Trade war threatens as Europe warns US over steel import curbs
Europe and the United States edged closer to a trade war over steel yesterday after the EU Trade Commissioner, Pascal Lamy, warned Brussels would take action if the US went ahead with plans to impose swingeing tariffs on imports of European steel.
His warning to the Bush administration was echoed by the UK's Secretary of State for Trade and Industry, Patricia Hewitt, who described the proposed US action as a "smokescreen to cover the problems of their own industry" which would be "vigorously contested".
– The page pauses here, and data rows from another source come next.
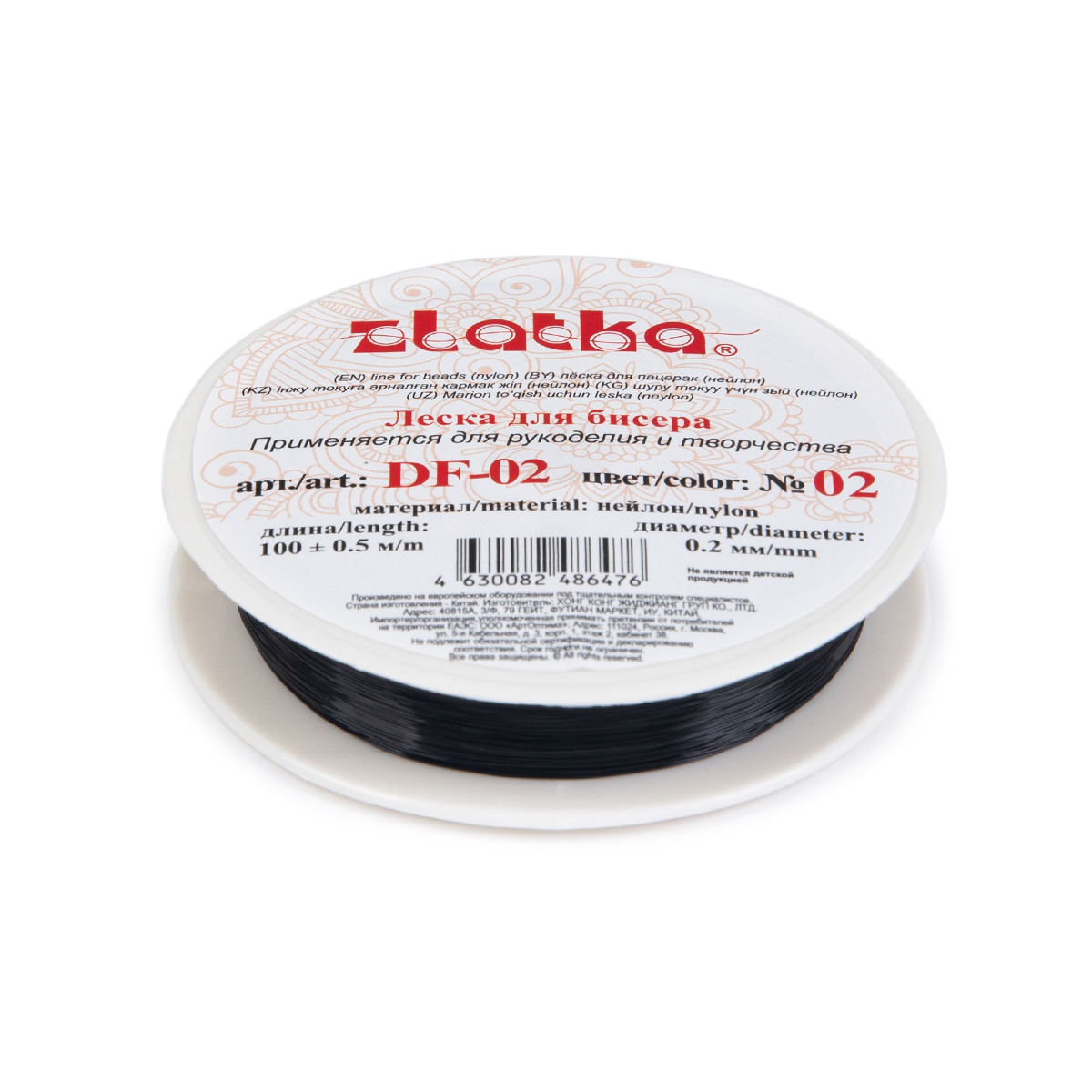 - "Zlatka" / "Gamma" Леска для бисера DF-02 d 0.2 мм 100 м ± 0.5 м №02 ЧЕРНЫЙ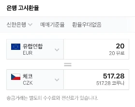 30초 후 그는 나에게 푸른 100 코루나 지폐 3장과 영수증을 들이밀며 사인하라고 재촉했다. 정신이 없어 사인하려는 도중에 300 CZK가 적힌 것을 보고는 혹시나 하는 마음에 네이버에 환율을 계산해봤다.
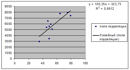 У=100,35х+323,73. коэффициент детерминации R2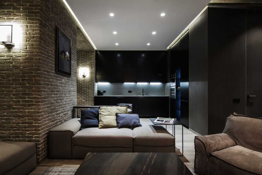 - Освещение в интерьере с натяжным потолком и кирпичной стеной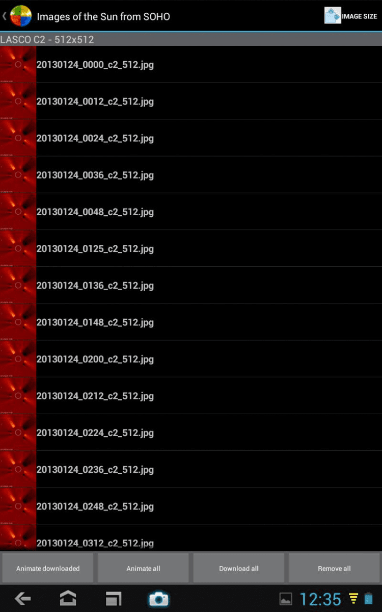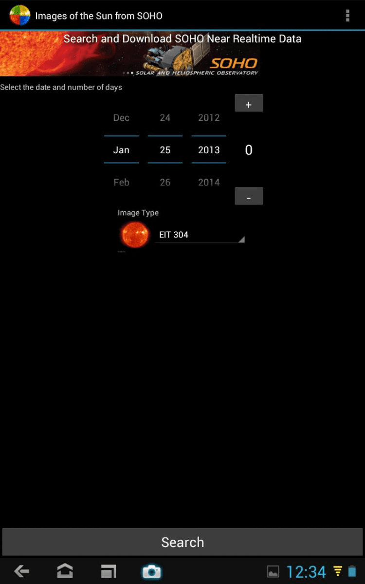 Изображения Солнца с SOHO Эта программа позволит вам выполнять поиск изображений со спутника NASA/ESA - SOHO и загружать их на свое мобильное устройство. Программа Images of the Sun from SOHO включает в себя весь архив изображений, начиная с 1996 года, заканчивая новейшими снимками. Вы сможете загружать изображения с 10 датчиков, выбрав размер изображения: 512x512 или 1024x1024.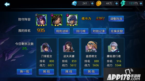 竞技场:在试炼的竞技场之中,每日可以参与5次排名争夺赛,每次排名提升都会获得系统邮件发来的钻石奖励,而后根据排名,还会每天获得一定量的钻石。可以说是0元玩家必须认真对待的积累之所。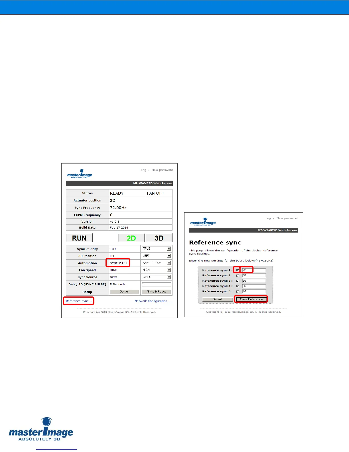 Once the Automation Source has been set to Sync Pulse click [Reference Sync] in the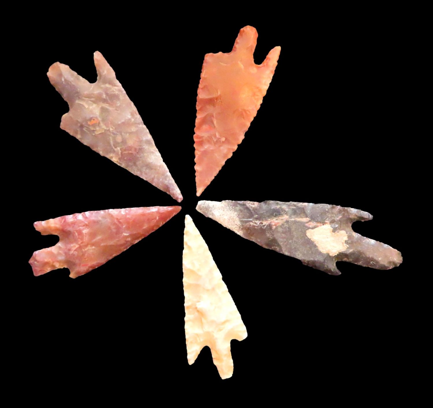 Grouping of Authentic Neolithic Arrowheads found in Africa. These points come from the neolithic era 3000-5000 BC and are from the Sahara Desert. Please use the photos for condition and length.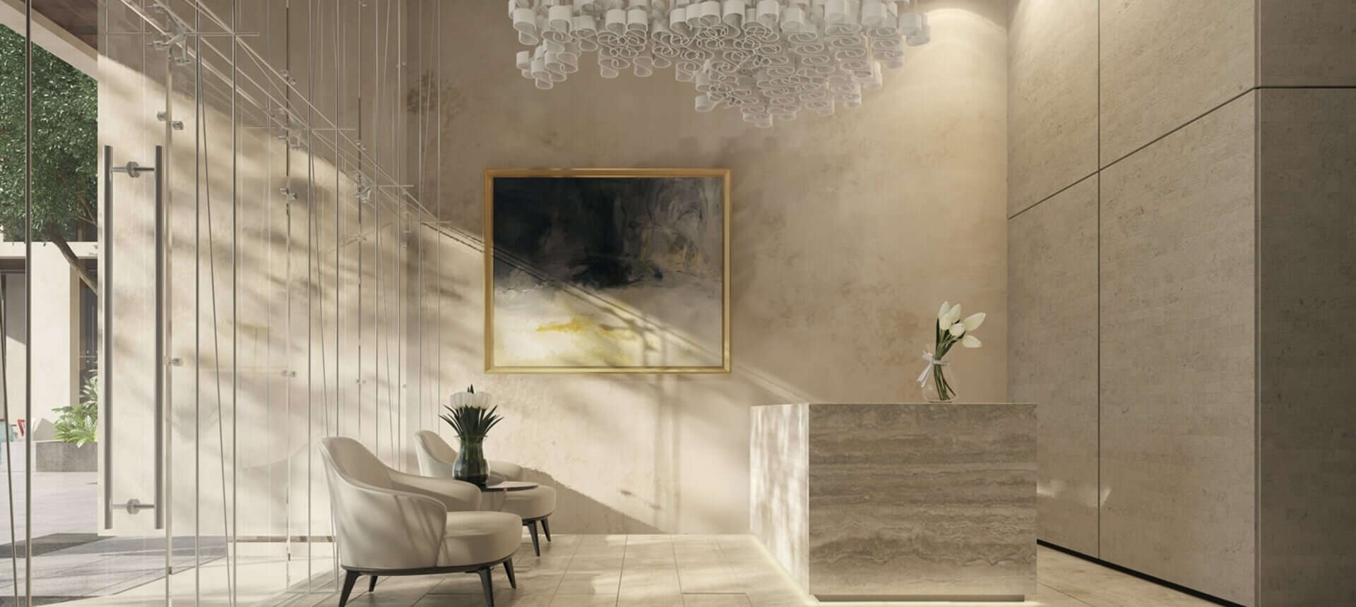 El edificio cuenta con pisos de uno y dos dormitorios y áticos de tres dormitorios y tres baños.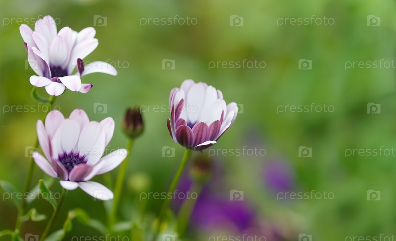 Три белых цветка арктотиса на светло-зеленом размытом фоне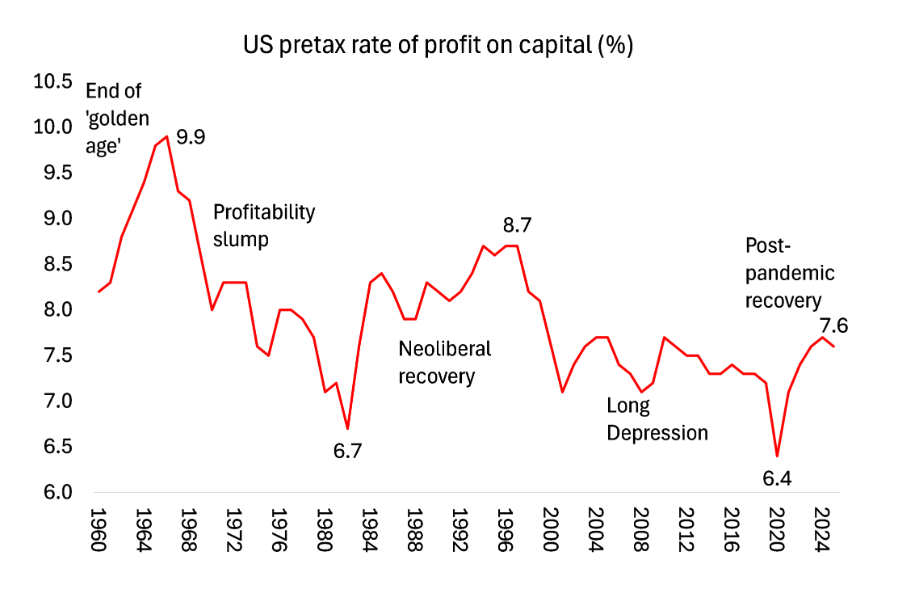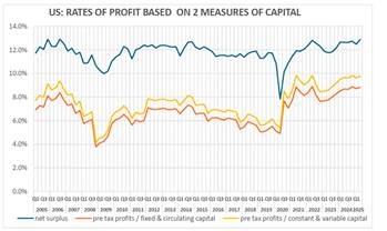 And the profitability of US capital has improved since the end of pandemic slump in 2020.  According to calculations by Brian Green, the US corporate pre-tax rate of profit on capital is at a higher level than in 2006.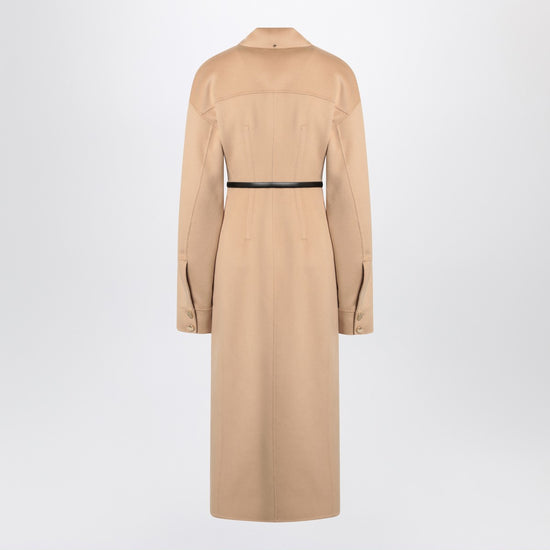 Sportmax coat in camel virgin wool, characterized by darts and shaped sides, leather belt with s buckle, overlapping side slits, shirt collar, hidden buttoning with the first metallic button visible, long sleeves with buttoned cuffs and regular fit. size and fit - model wears size 40 it model measurements: height: 178 cm chest: 83 cm waist: 63 cm hips: 91 cm
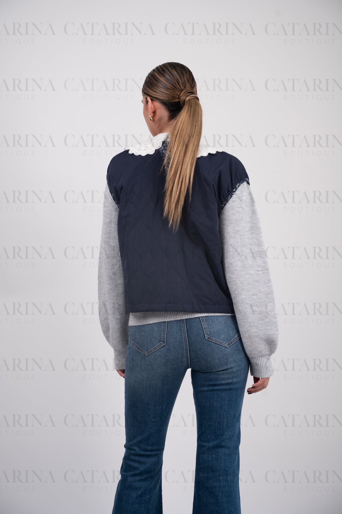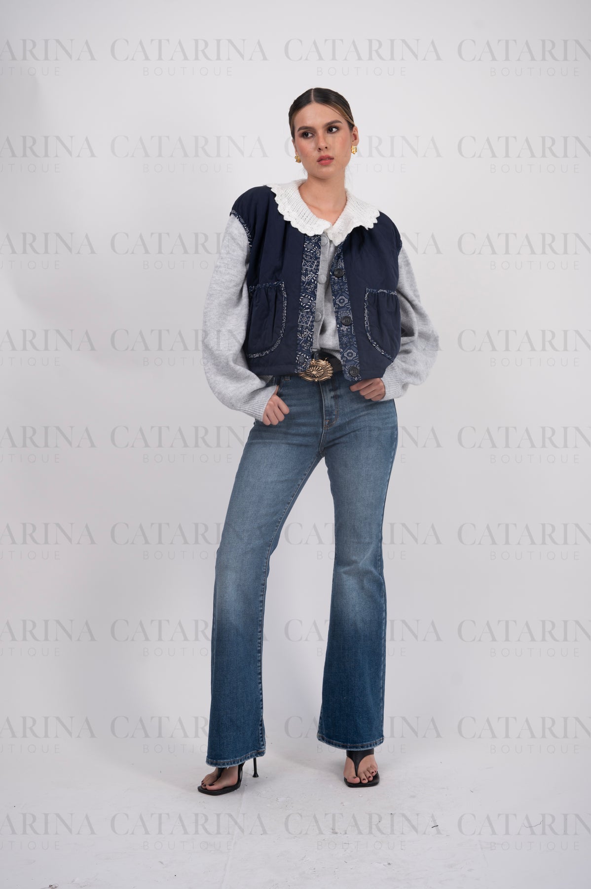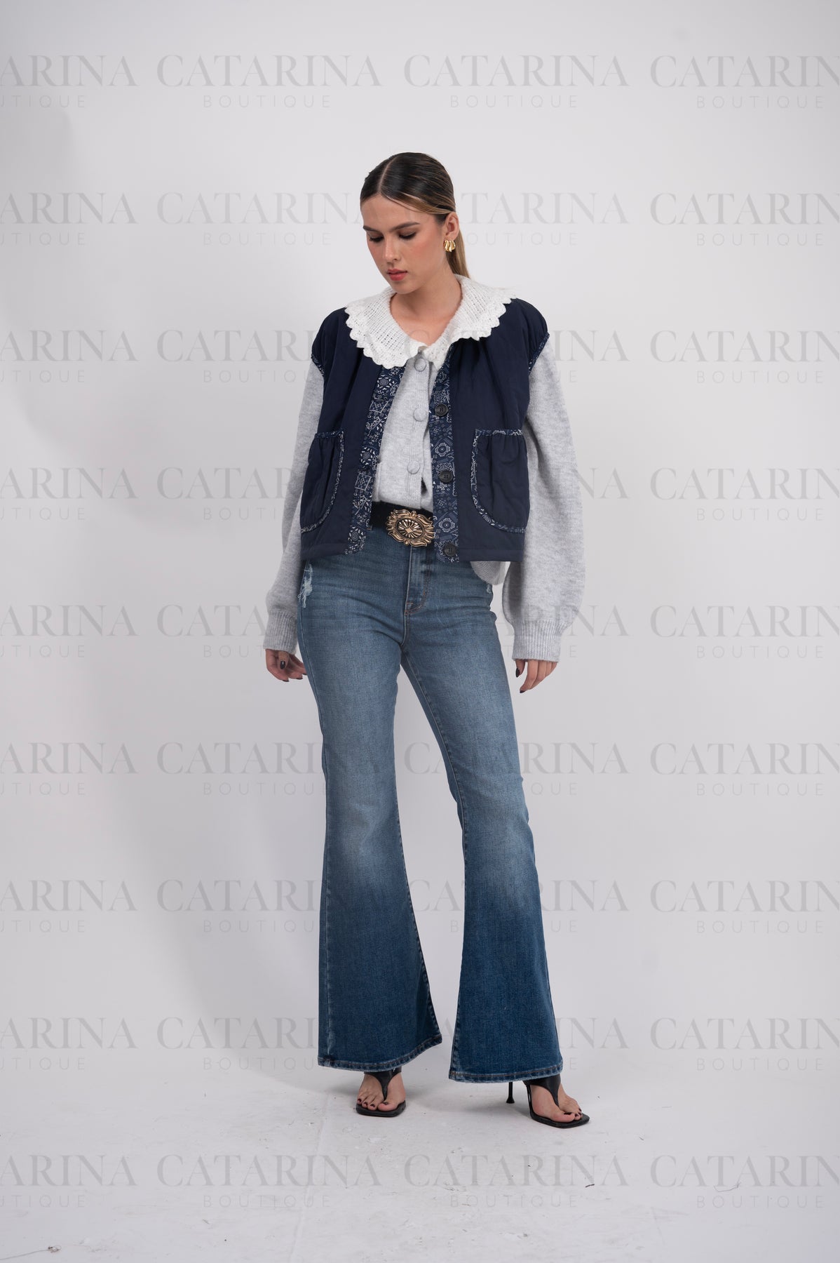 Pantalón de tiro alto. Bolsillos traseros y a los costados. Botón y cierre delantero con cremallera.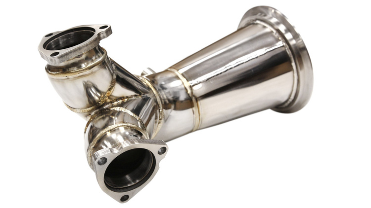Низходяща тръба от TurboWorks , изработена от 100% неръждаема стомана.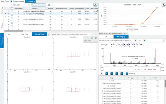 可对含非天然氨基酸、核苷酸的肽段,以及支链肽和环肽进行分析,以满足生物药研发的复杂需求。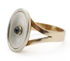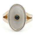 A sapphire and mother of pearl ring set with a cabochon sapphire and mother of pearl, mounted in 14k gold and platinum. Weight app. 5.5 g. W. 18 mm. Size 58.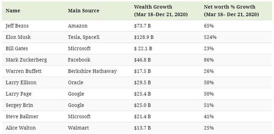 其中,特斯拉CEO埃隆-马斯克(Elon Musk)在新冠疫情实现了最高的净资产增幅,净资产增加了1290亿美元,增幅高达523%。特斯拉的市值在整个2020年都在飞涨,马斯克旗下太空探索公司SpaceX在私人航天业取得了巨大的进步之后长期估值则翻了一番。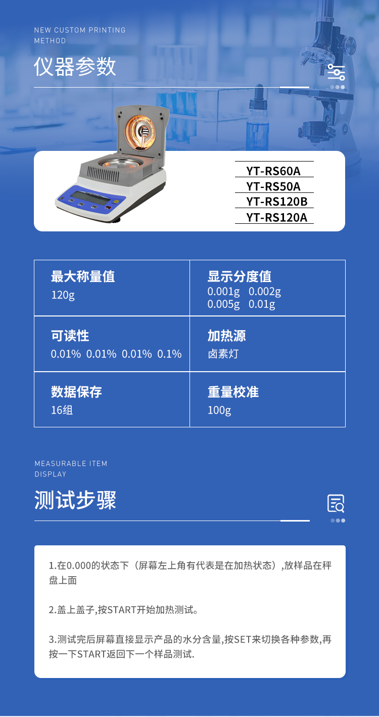鹵素水分測定儀 YT-RS120A 產(chǎn)品詳情:

The US is preparing to impose duties of between 20 per cent and 40 per cent on imported steel following recommendations from its own International Trade Commission. The US claims the action is necessary to protect its own steel makers from unfair competition from subsidised overseas rivals.
The move threatens EU exports worth £3bn a year and would put thousands of jobs at risk, including at least 2,000 in the UK.
In a hard-hitting speech in London yesterday to the UK Steel Association, Mr Lamy warned that the EU had "no intention of standing idly by" if the US chose the route of what he called "blatant protectionism of its ailing steel industry".
He added: "The EU has no alternative but to be ready to take all necessary steps to ensure that our fairly traded exports continue to have access to overseas markets ... and that our market is not flooded by imports, simply because others have put up the trade shutters."
Mr Lamy went on to describe the threatened US action as "a perverse and extraordinary signal to the world" at a time when the ink was barely dry on the World Trade Organisation agreement in Doha. The EU would have no choice but "to examine all options to protect the EU industry from the consequences of US action".
Ms Hewitt later reinforced the warning, saying: "We are not going to sit back and allow the UK industry and its workers to be punished because of failures in the US."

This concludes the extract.